By Bradley Nandasaba, Vihiga
Inside some public hospitals in Vihiga County, the pattern had become painfully familiar. A patient walks into a government facility seeking treatment. Minutes later, a health worker quietly suggests a private clinic “with better services” just a few metres away.
Families, anxious and desperate, follow the advice, often unaware that the same treatment could have been offered inside the public hospital they had just left.
Now, county authorities say the practice has grown into a disturbing culture of illegal patient diversion driven by personal and financial interests.
Investigations by County Splash digital, have established that the vice is most prevalent at Vihiga County Referral Hospital (VTRH) and several sub-county hospitals, where patients are allegedly redirected to private facilities despite the availability of services within public institutions.
The investigations further reveal that the practice is now slowly spreading into Level Two and Level Three health centres, raising fears of a widening corruption network within the county’s healthcare system.
In a sharply worded directive sent to healthcare workers across the county, Dr Nicholas Kitungulu warned medical staff against referring patients to private facilities when the required services are already available in public hospitals.

“The practice is illegal, unethical and a gross violation of public trust,” Dr Kitungulu said in the letter, signaling what could become one of the county’s toughest crackdowns on corruption within the health sector.
The County Executive Committee Member for Health said some referrals were no longer being guided by medical necessity, but by hidden financial arrangements that exploit vulnerable patients at their most desperate moments.
“Clinical decisions must be made solely in the best interest of the patient, free from financial or personal influence,” he warned.
For struggling families already weighed down by rising medical costs, the diversions often come with devastating consequences, forcing them to spend money they cannot afford in private facilities while public hospitals remain equipped to offer the same care.
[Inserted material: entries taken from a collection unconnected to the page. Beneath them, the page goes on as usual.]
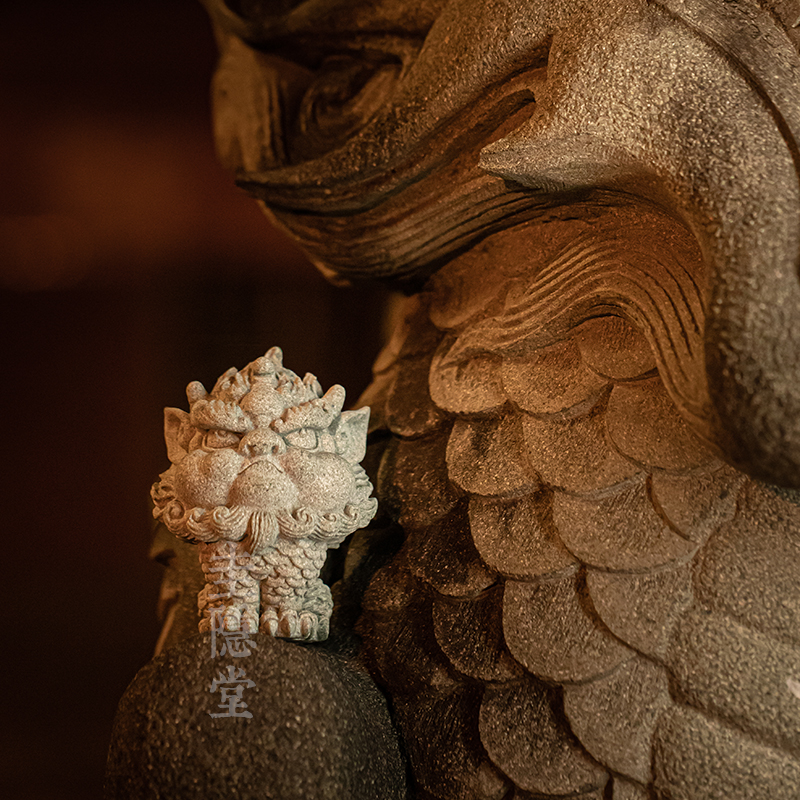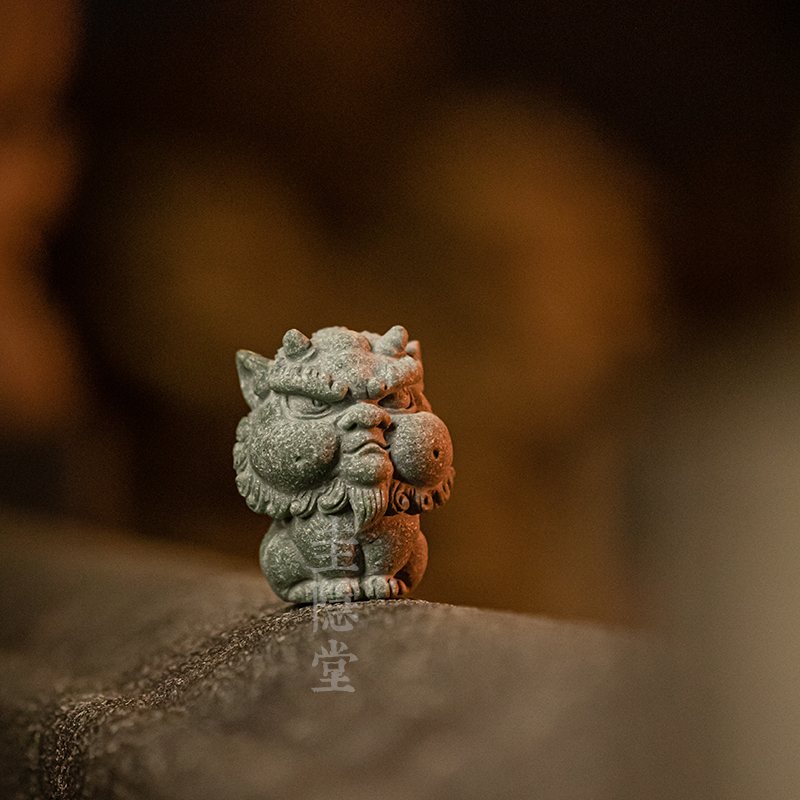 圭隐堂青砂石招财可养麒麟貔貅茶宠摆件中式 饰品 国潮风书房客厅装
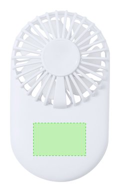 Ventilador portátil fabricado en resistente ABS. Cuenta con tres velocidades y soporte integrado para smartphone. Se alimenta mediante una batería de 300 mAh, con indicadores de luz que muestran el nivel de carga y cable Micro USB incluido. Presentado individualmente en caja de diseño kraft.
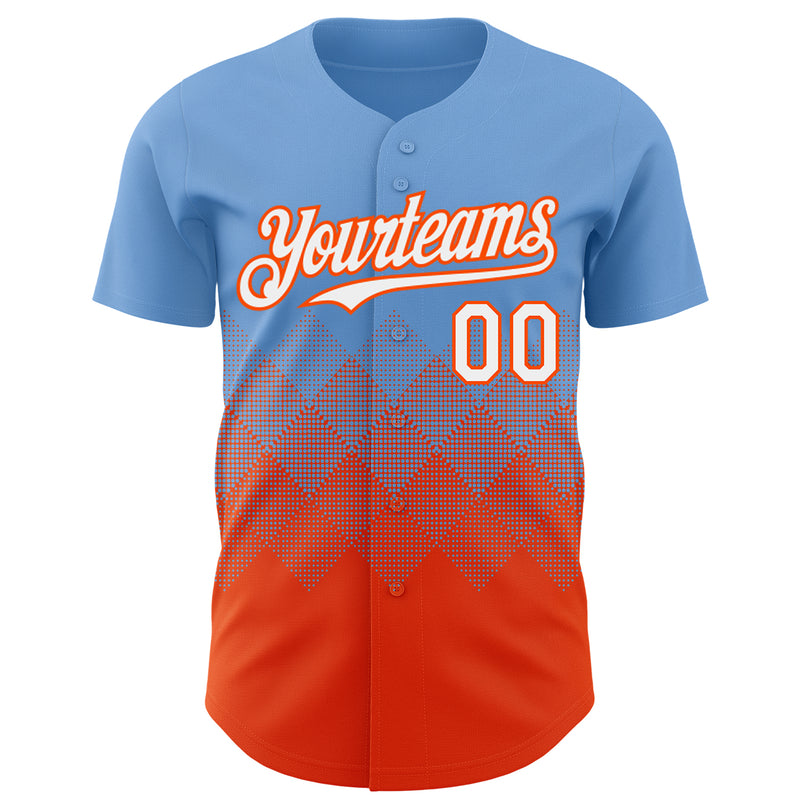 Custom Light Blue White-Orange 3D Gradient Square Shape Authentic Baseball Jersey
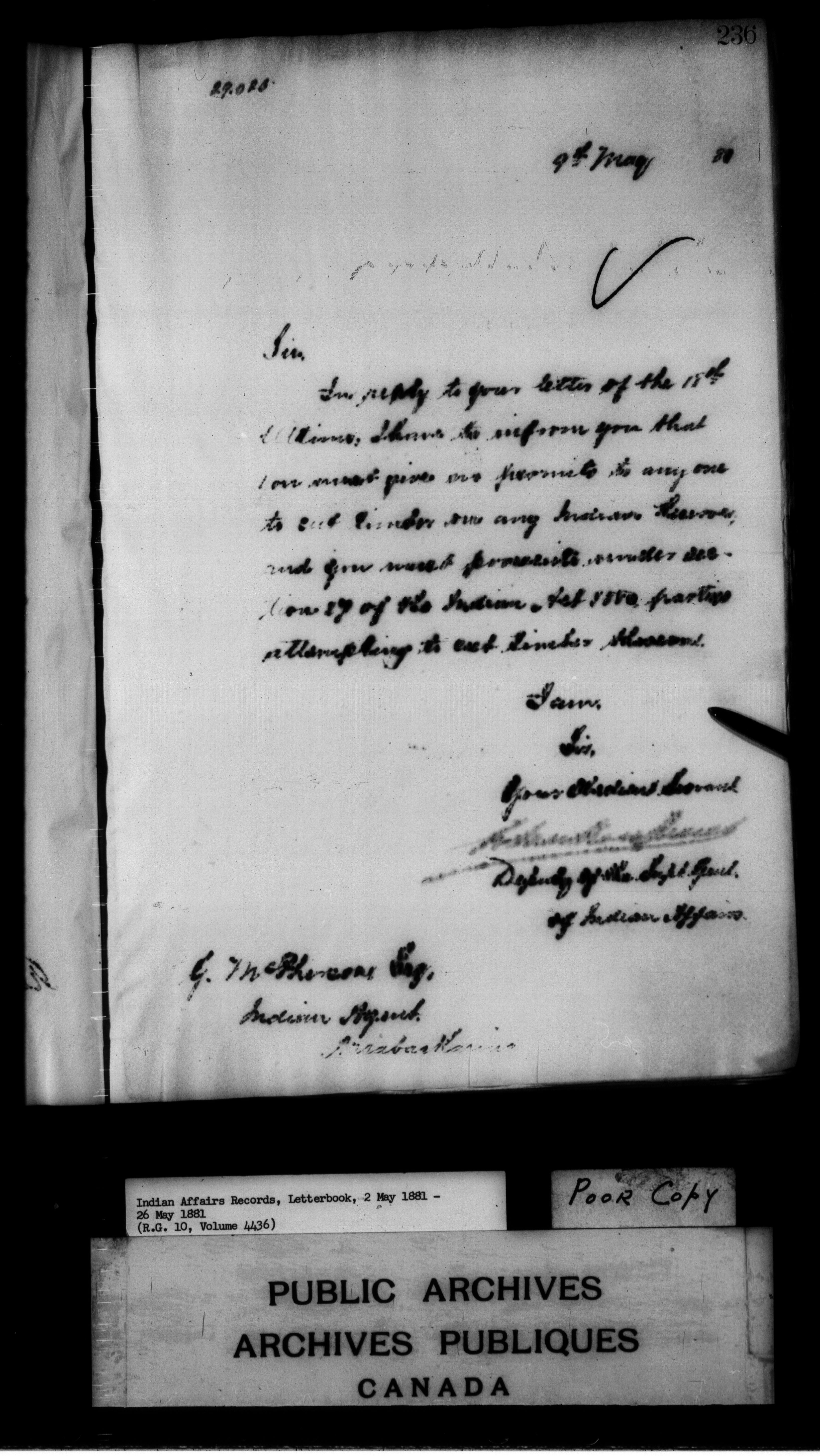 Department of Indian Affairs : Letterbooks of out-going correspondence relating to the administration of Indian Affairs in both eastern and western Canada, 1871-1920 - 7439

Health experts warn that the growing trend risks eroding public confidence in government hospitals, particularly at a time when many Kenyans depend on overstretched county facilities for affordable healthcare.
Dr Kitungulu reminded healthcare workers that they are bound by professional ethics and national laws, including the Public Service Code of Conduct and Ethics (2016), anti-corruption laws, and the Public Officers Ethics Act.
He warned that those found culpable risk imprisonment, fines, suspension or revocation of licences, disciplinary action, and summary dismissal from public service.
“All healthcare workers must adhere strictly to ethical referral practices and provide care based on clinical need and patients’ best interests,” he said.
The county government has now directed medical staff to immediately report any suspected cases of patient diversion as authorities intensify investigations into the alleged scheme.
Dr Kitungulu said the county would increase surveillance and conduct audits on referral patterns across public hospitals to identify suspicious movements of patients between facilities.
“We shall work closely with oversight bodies, including the Ethics and Anti-Corruption Commission and professional regulatory councils, to investigate any suspected misconduct,” he stated.